The purchase of sustainable energy products such as locally produced renewable electricity, photovoltaic systems or heat pumps are measures that allow consumers to make a significant contribution to transforming our energy systems. Yet the willingness of consumers to pay more for electricity or make energy-related investments is lagging behind what energy policy makers have expected. To counteract this problem, the SmartLoad project has developed data analysis methods that help energy retailers to promote such sustainable consumption behavior among their customers.
The project group of the University of Bamberg (Chair of Information Systems and Energy Efficient Systems), together with the two Swiss companies BEN Energy AG and Centralschweizerische Kraftwerke AG, has analyzed customer data, electricity consumption data and free geographic information. They developed a software that enables energy retailers to offer tailored tariffs and services. At the core of the solution are methods of machine learning, which automatically recognize patterns in data and enable targeted forecasts for individual customers. The solution was tested together with the energy utility in three use cases.

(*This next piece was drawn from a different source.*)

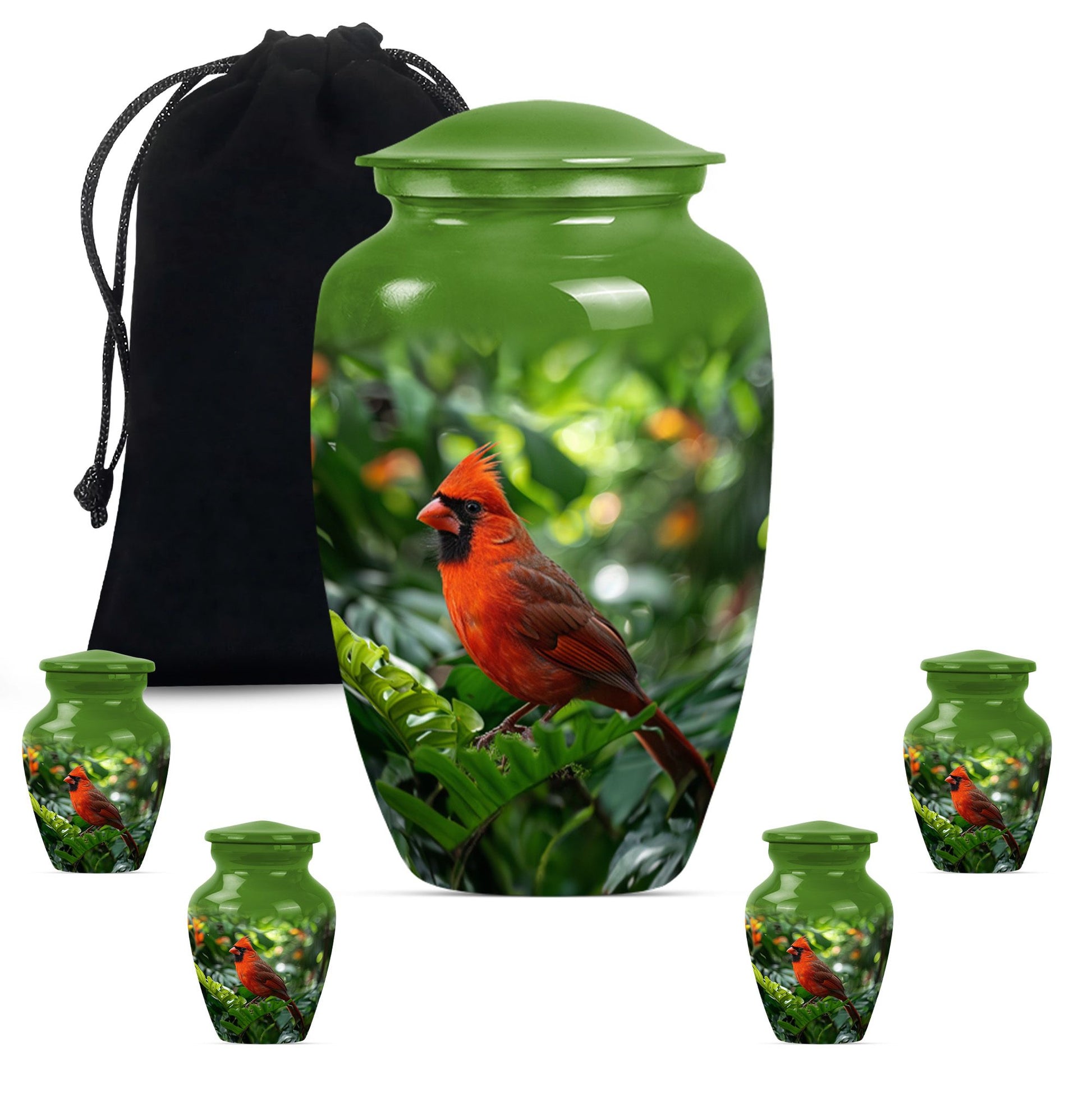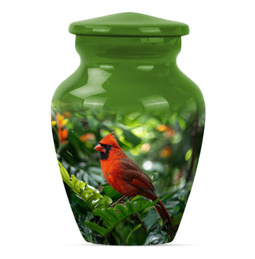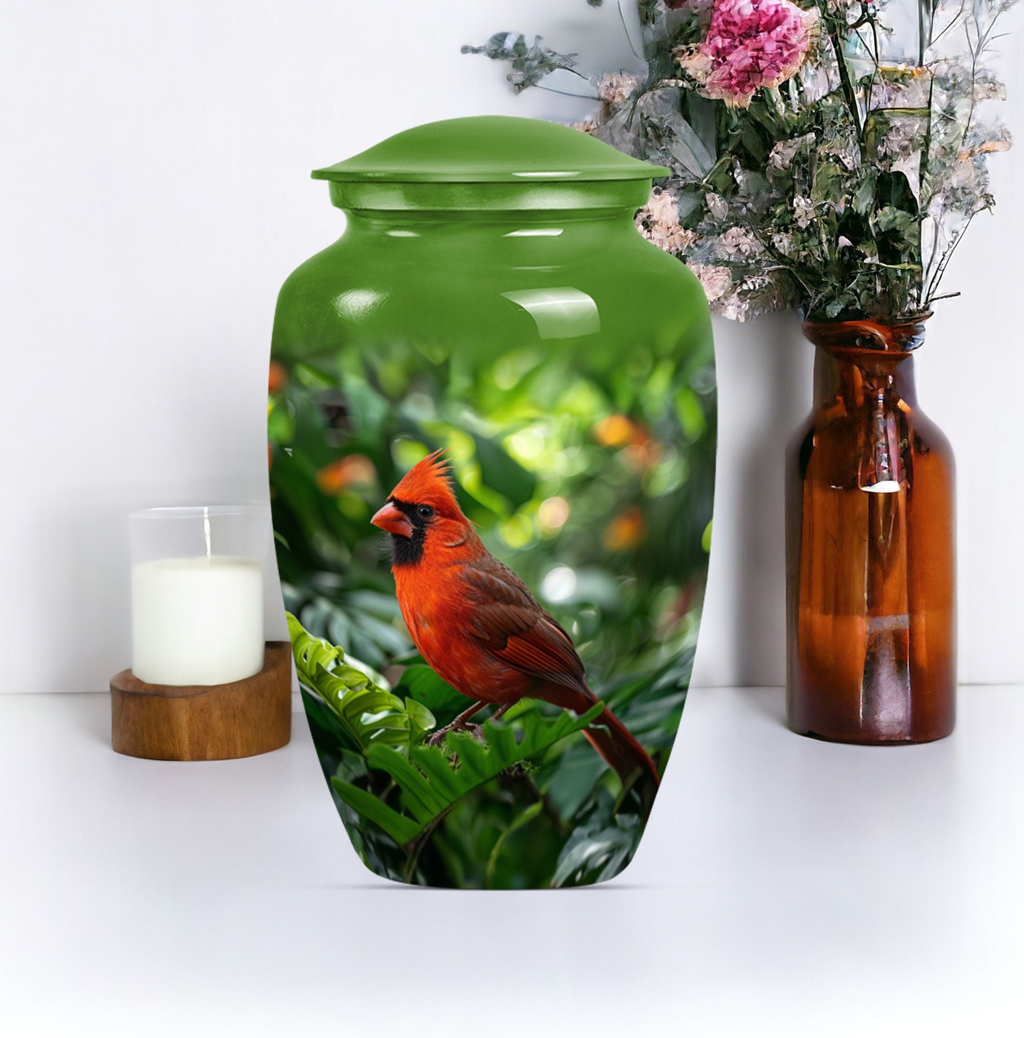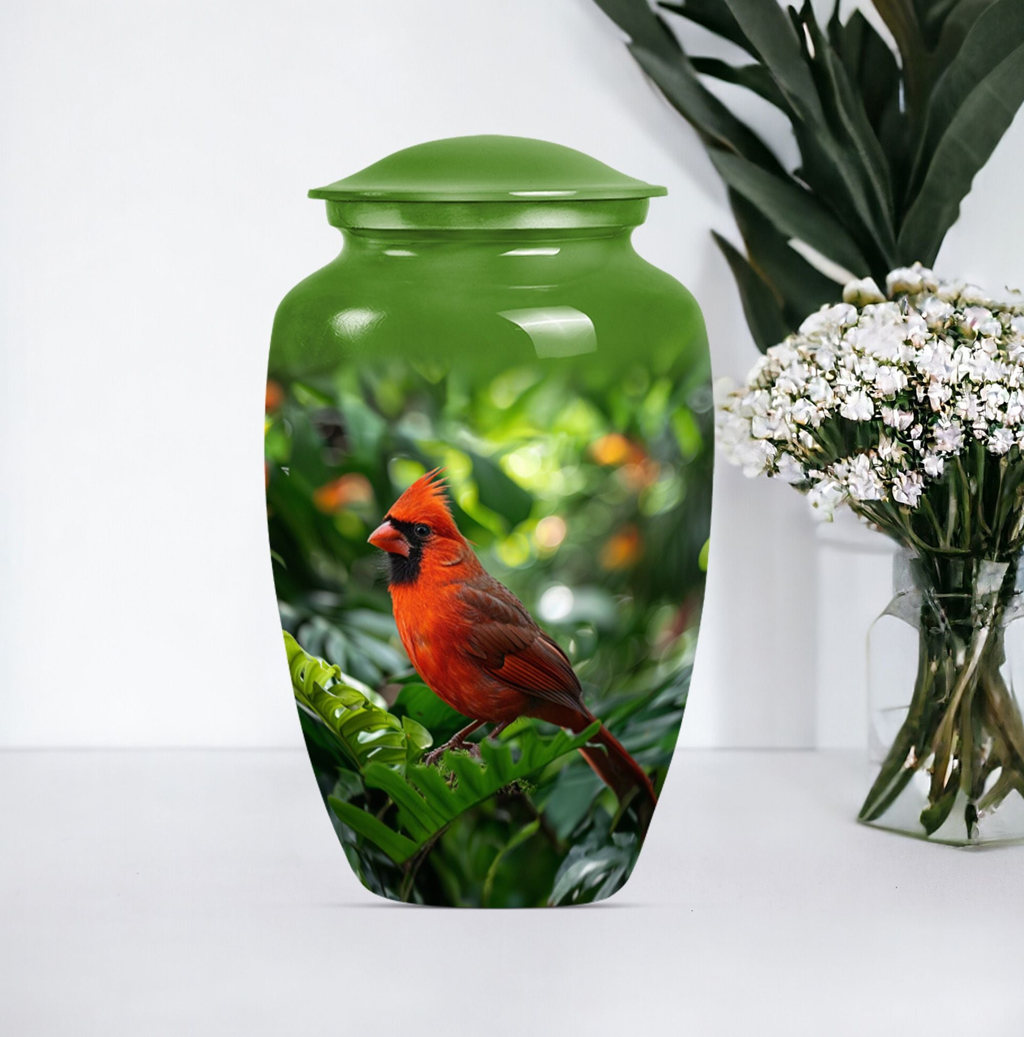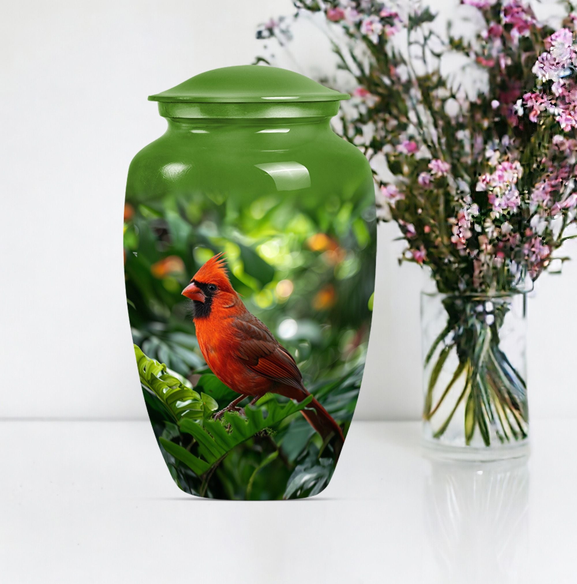 Honor your beloved's journey to eternity with our striking Cardinal bird urn, the perfect selection in our category of Memorial Ceremony Supplies designed for adults and seniors. This burial urn for human ashes is a beautiful tribute to your loved one's life. Crafted from high-quality aluminium, the Cardinal bird urn showcases a magnificent 'Wolf Howling' Theme that transcends time. Measuring 10 inches in height and weighing around 3.3 pounds, the urn offers a substantial capacity of 200 cubic inches, designed to respectfully hold your loved ones' remains. You can further personalize this urn with engraved names, adding a special touch to this resting place. The urn is also accompanied by a sumptuous velvet pouch for containment of ashes, ensuring dignity and respect. Ideal for memorial urns' searchers, its heart-warming presence connects visually to sentiments of remembrance, peace, and forever love. Its 'Classic Urn' style fuses tradition with timeless magnificence, making it a thoughtful and lasting homage.

In the first application case, "energy efficiency", the research group showed that it is possible, for example, to identify households with high base load consumption and thus make targeted savings recommendations for consumers. For the two application cases "sales of local green electricity" and "sales of photovoltaic, battery storage systems, and heat pumps", sales activities were supported in such a way that particularly interested customers were identified.
The project was financially supported for 34 months as part of the ERA-Net SmartGrid Plus Initiative by the Federal Ministry of Economics and Energy (Germany) and the Federal Office of Energy (Switzerland).